### What you need to do
No pictures belong in the copy. Retype exactly, and only, the stretch of lines below from the one with "身ごろは金糸の刺繍レース、ス" through the one with "6月24日,《江南都市报》在".

### Data shown
★ ★ ★ ★ ★

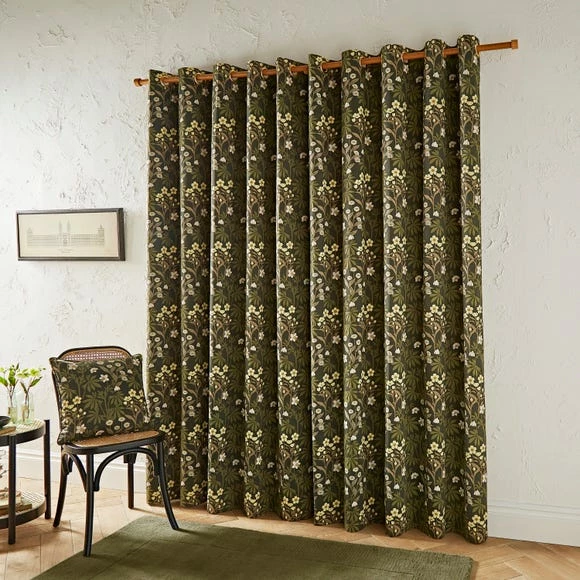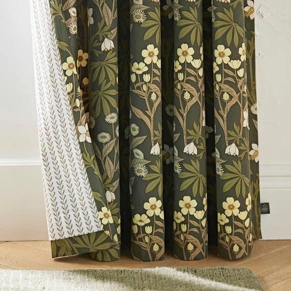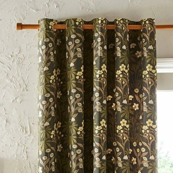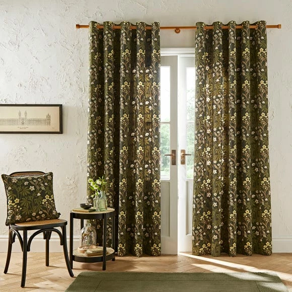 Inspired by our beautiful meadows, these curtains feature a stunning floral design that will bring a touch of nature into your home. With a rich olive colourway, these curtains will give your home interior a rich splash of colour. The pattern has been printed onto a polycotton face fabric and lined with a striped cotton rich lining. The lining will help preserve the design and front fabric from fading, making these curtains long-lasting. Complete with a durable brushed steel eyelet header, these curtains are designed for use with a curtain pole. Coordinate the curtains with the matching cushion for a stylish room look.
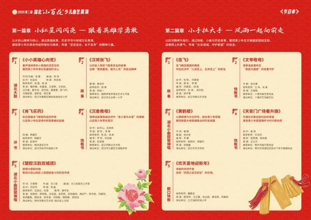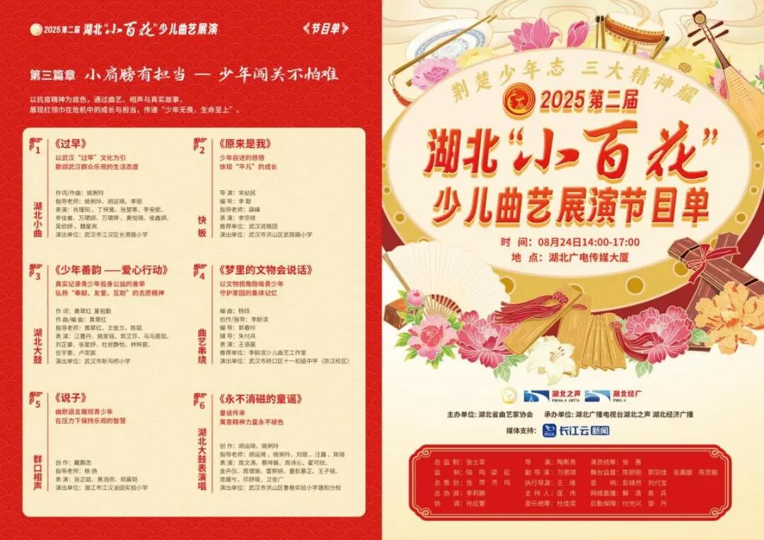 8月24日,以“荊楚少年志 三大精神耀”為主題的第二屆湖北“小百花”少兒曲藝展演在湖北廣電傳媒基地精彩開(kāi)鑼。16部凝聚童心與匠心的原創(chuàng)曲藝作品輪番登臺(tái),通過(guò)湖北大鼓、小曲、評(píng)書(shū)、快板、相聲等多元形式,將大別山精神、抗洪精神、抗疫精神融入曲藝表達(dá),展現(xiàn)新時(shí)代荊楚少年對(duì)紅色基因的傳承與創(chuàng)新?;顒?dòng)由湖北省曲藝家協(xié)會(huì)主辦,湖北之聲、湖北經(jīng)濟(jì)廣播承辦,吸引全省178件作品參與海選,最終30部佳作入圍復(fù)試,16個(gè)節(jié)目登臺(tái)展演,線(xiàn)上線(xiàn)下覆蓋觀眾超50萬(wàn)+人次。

★ ★ ★ ★ ★

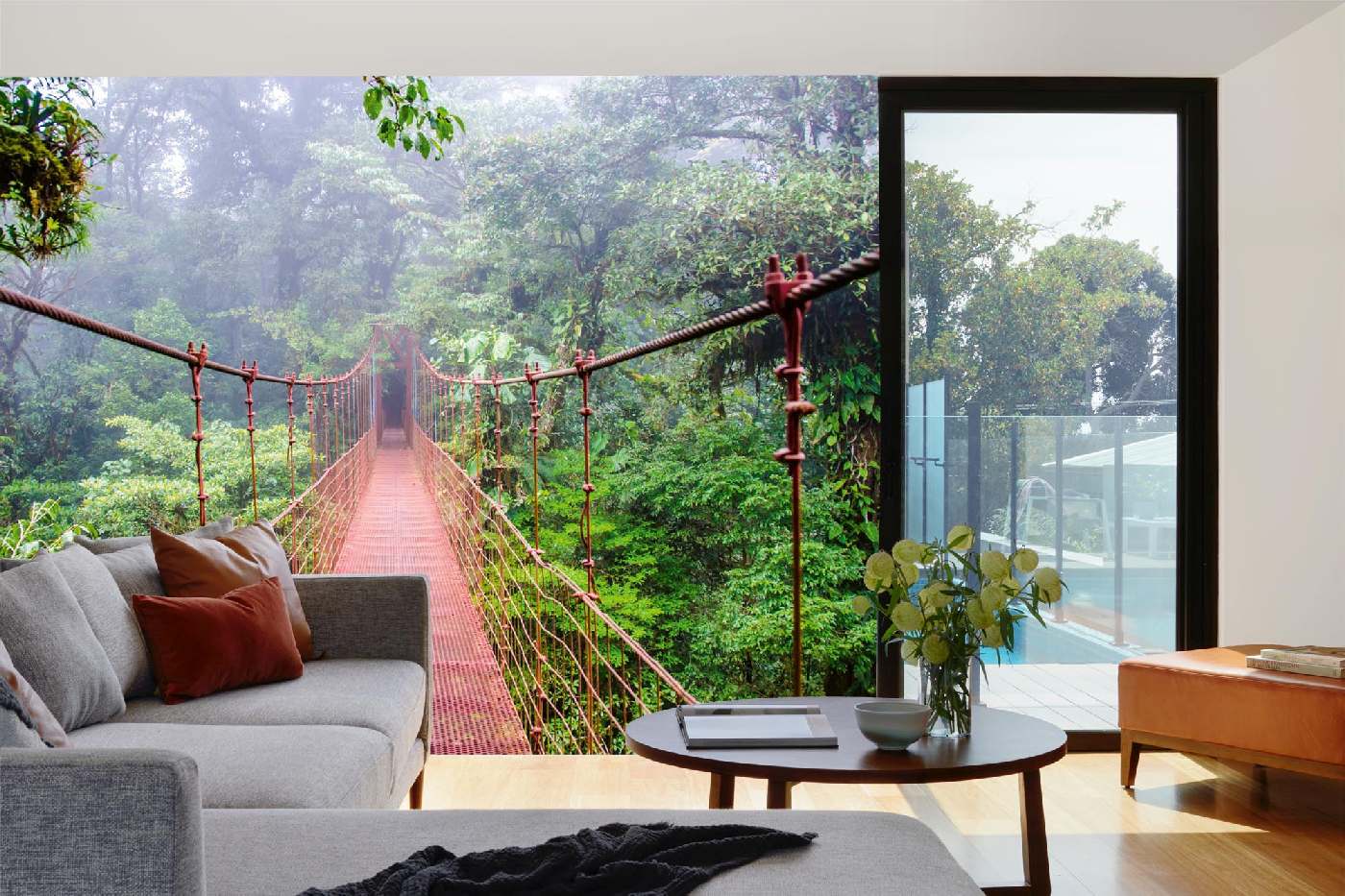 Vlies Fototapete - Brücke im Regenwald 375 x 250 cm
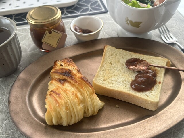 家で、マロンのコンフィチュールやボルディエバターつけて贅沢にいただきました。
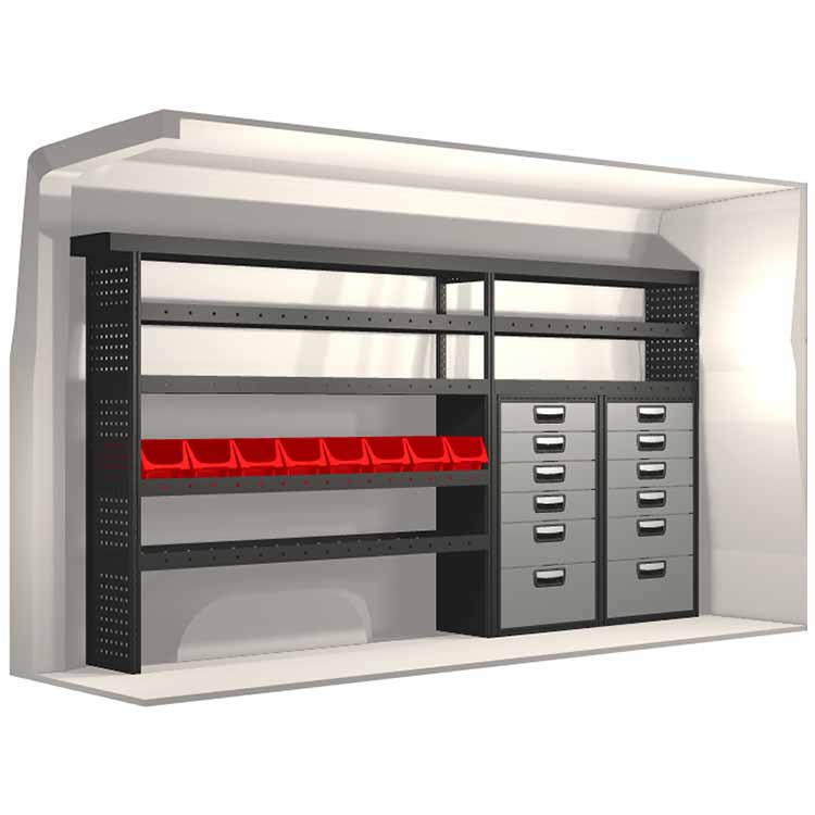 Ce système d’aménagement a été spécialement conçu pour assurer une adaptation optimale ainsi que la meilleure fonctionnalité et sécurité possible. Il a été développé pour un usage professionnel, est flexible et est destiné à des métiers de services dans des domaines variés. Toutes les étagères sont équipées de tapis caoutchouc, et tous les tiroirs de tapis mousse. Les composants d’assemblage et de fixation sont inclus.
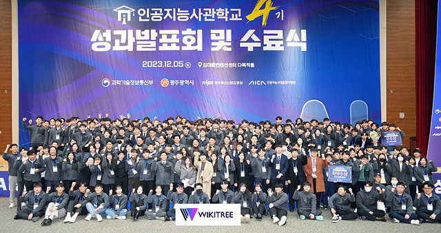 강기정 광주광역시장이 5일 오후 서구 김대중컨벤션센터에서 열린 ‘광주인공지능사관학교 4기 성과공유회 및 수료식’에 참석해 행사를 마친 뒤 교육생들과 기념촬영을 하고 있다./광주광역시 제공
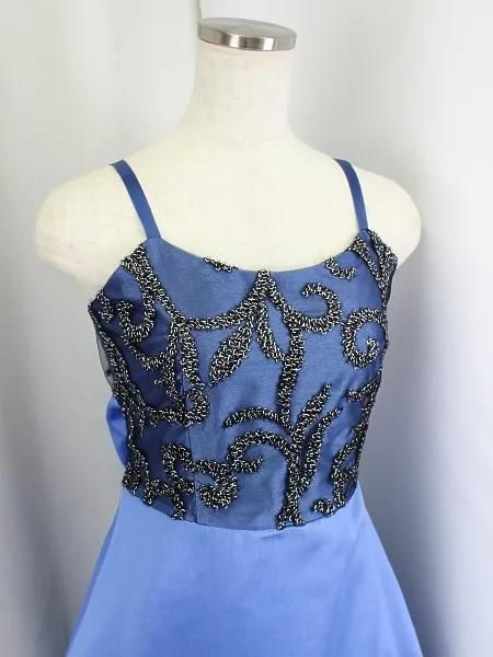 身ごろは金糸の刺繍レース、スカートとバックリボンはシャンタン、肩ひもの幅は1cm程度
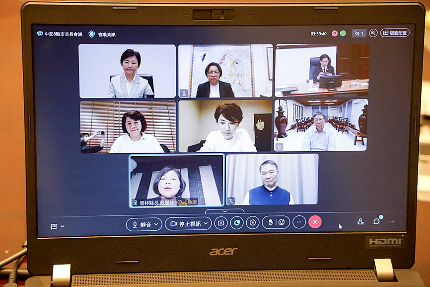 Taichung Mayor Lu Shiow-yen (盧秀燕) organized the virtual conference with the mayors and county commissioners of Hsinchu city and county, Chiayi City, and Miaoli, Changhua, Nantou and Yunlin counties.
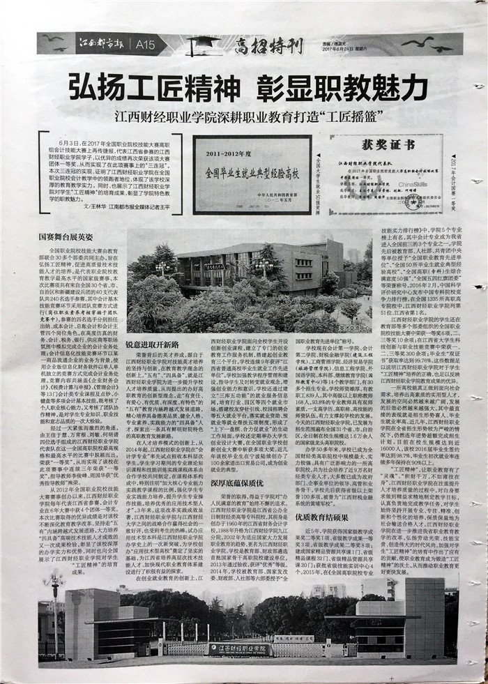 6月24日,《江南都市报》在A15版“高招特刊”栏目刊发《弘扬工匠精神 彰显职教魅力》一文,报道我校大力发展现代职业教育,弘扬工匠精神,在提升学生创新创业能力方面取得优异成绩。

★ ★ ★ ★ ★

### Your response
 身ごろは金糸の刺繍レース、スカートとバックリボンはシャンタン、肩ひもの幅は1cm程度
 Taichung Mayor Lu Shiow-yen (盧秀燕) organized the virtual conference with the mayors and county commissioners of Hsinchu city and county, Chiayi City, and Miaoli, Changhua, Nantou and Yunlin counties.
 6月24日,《江南都市报》在A15版“高招特刊”栏目刊发《弘扬工匠精神 彰显职教魅力》一文,报道我校大力发展现代职业教育,弘扬工匠精神,在提升学生创新创业能力方面取得优异成绩。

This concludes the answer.